4. Support other programming models
Because the management and scheduling of tasks are carried out by Applicationmaster, Applicationmaster are relatively independent of other modules of the system, and users can even deploy their own applicationmaster to support other programming models. This allows other applications that are not suitable for MapReduce implementations to run in the same Hadoop cluster.

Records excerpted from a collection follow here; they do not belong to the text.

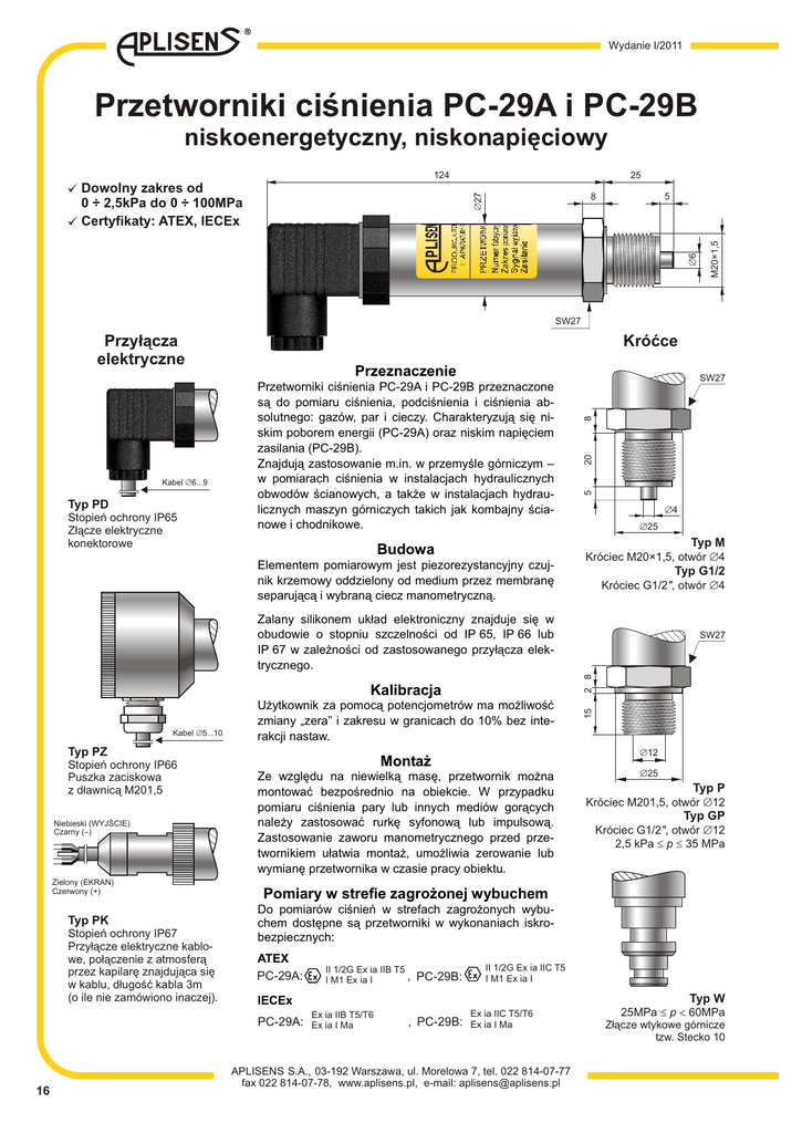 Przetworniki ciśnienia PC-29A i PC-29B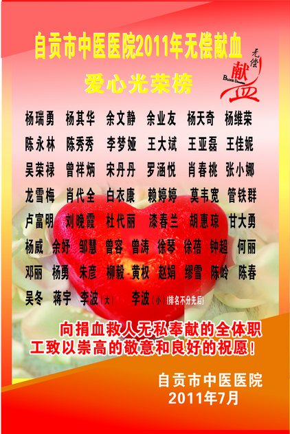 近日,我院组织职工参加2011年度无偿献血活动,广大职工表现出极高的热情,积极响应,主动到医教科登记献血。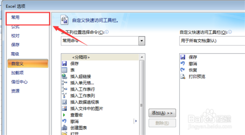 然后进入到Excel选项窗口里面,点击左侧的【常用】选项。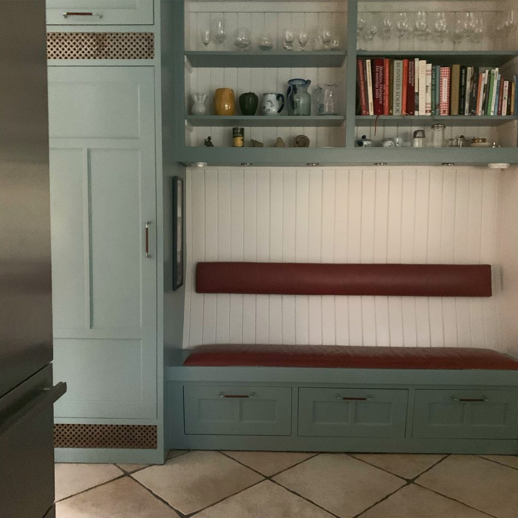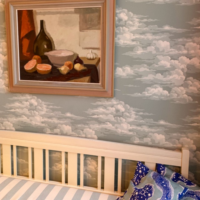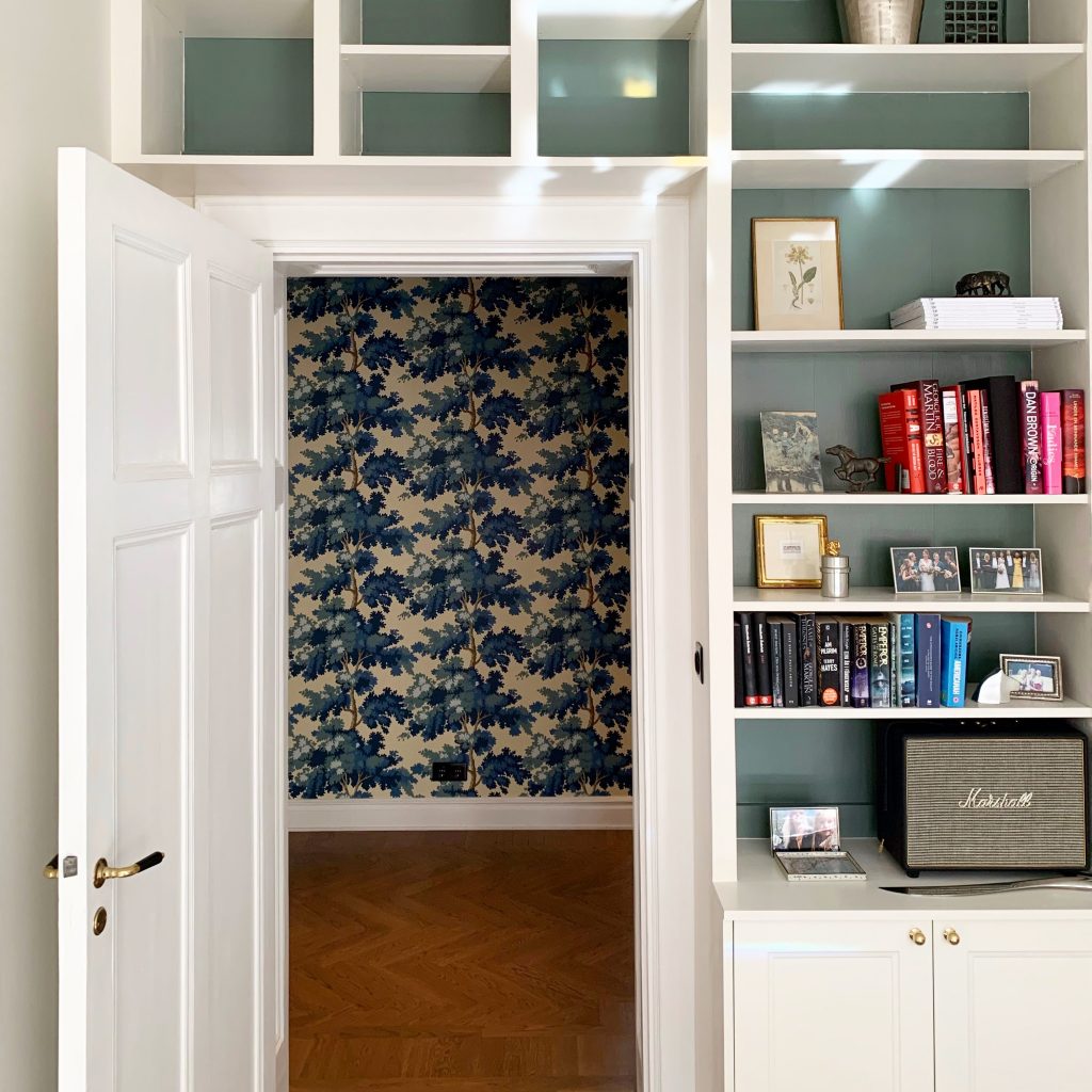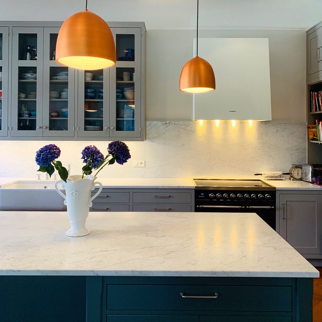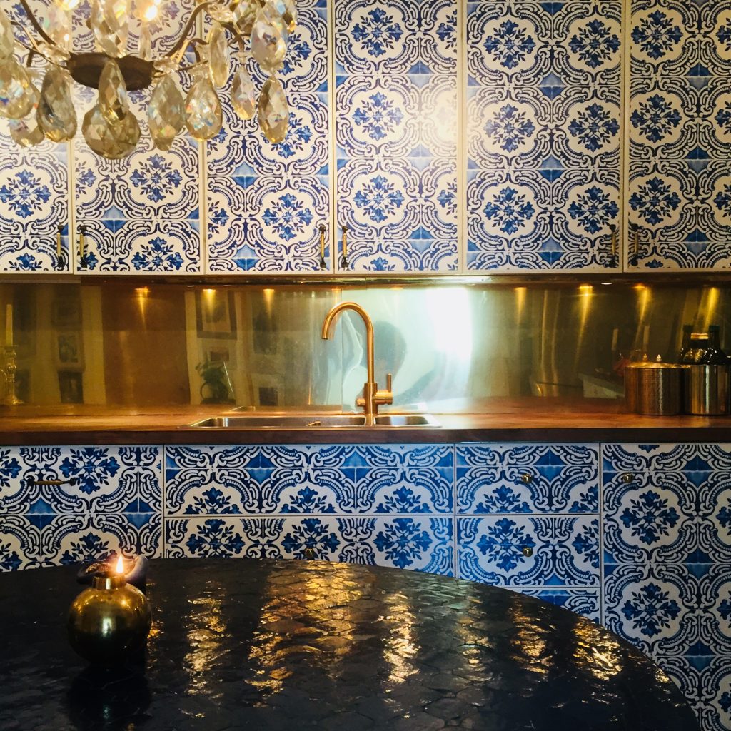 Kök med tapetserade luckor och stänkskydd i mässing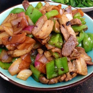 抄过水的五花肉切片,洒上少许花椒和姜片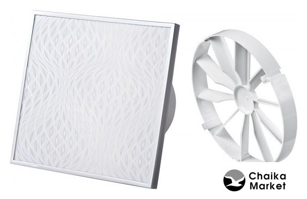 накладной осевой вентилятор, потолочная/настенная установка, диаметр: 15 см, производительность: 285 куб.м/ч, 25 Вт, отдельная кнопка или выключатель света, белый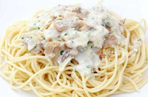 Pâtes à la sauce au fromage et au thon WW, recette un savoureux plat léger à base de pâtes nappées d'une sauce légère et crémeuse au thon
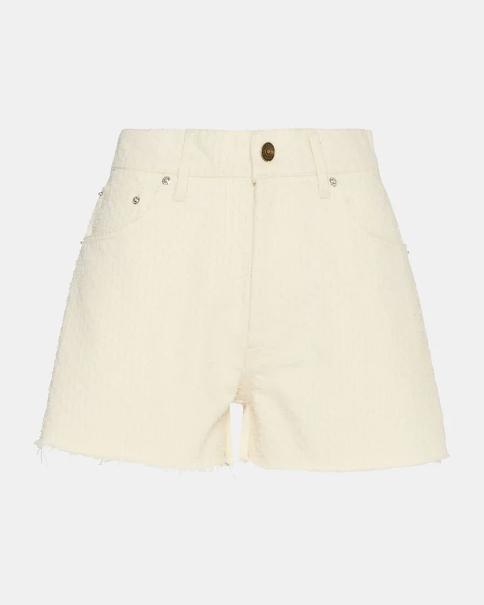 Disse Lilien Short Natural Denim-underdelene i strukturert denim kombinerer klassisk design med moderne praktisk funksjonalitet. Denimstoffet har en raffinert tekstur som gir et interessant utseende, mens de strategisk plasserte lommene – to foran og to bak – gir ekte funksjonalitet. Det doble lukkesystemet med glidelås og knapp gir sikker lukking og lang holdbarhet. Et fagmessig designet plagg som forankrer enhver garderobe for fritid med diskret raffinement.

Scalability Implementation
Scalability is important for current hardware trends, and currently has 4000 hosts in the MapReduce cluster. However, the 2009-year cluster of 4000 hosts (8 cores, 16GB of RAM, 4TB storage) has only half the processing power of 4000 hosts (16 cores, 48GB memory, 24TB storage) in the cluster for 2011 years. In addition, considering the operating costs, forcing the cluster to run 6000 hosts, there may be more.
Usability implementation
Resourcemanager--resourcemanager uses Apache's zookeeper to implement failover. When ResourceManager fails, the cluster state can be quickly restored through the Apache zookeeper. After a failover, all applications running in the queue are restarted.
Applicationmaster--mapreduce NextGen supports specific checks for applicationmaster applications. MapReduce Applicationmaster can recover from failure and recover to HDFs saved state by itself.
Compatibility implementation
The MapReduce NextGen uses the wire-Compatibility Protocol (wire-compatible protocols) to allow different versions of servers and clients to exchange information. In future releases, this feature will remain in place to ensure that the cluster is still compatible after the upgrade.
Cluster implementation
MapReduce NextGen resource uses regular concept scheduling and assigns resources to individual applications. Each machine in a cluster is conceptually composed of resources, such as memory, I/O bandwidth, and so on.
Support for other programming models
MapReduce's NextGen provides a fully generic computing framework to support MapReduce and other paradigms.
The architecture ultimately allows users to implement custom Applicationmaster, which can require ResourceManager resources to exploit them. Therefore, it supports multiple programming, such as Mapreduce,mpi,master-worker and iterative models on Hadoop. and allows the appropriate framework to be used for each application. This runs MapReduce outside the custom framework for applications such as K, Page-rank.
Conclusion
Apache Hadoop, especially the mapreduce of Hadoop, is a very successful Open-source project that handles large datasets. We recommend that Hadoop MapReduce improve usability, improve cluster usage, and provide a paradigm of programming architecture as well as
To achieve rapid development. Yahoo will work with the Apache Foundation to raise the ability of Hadoop to handle large data to a new level.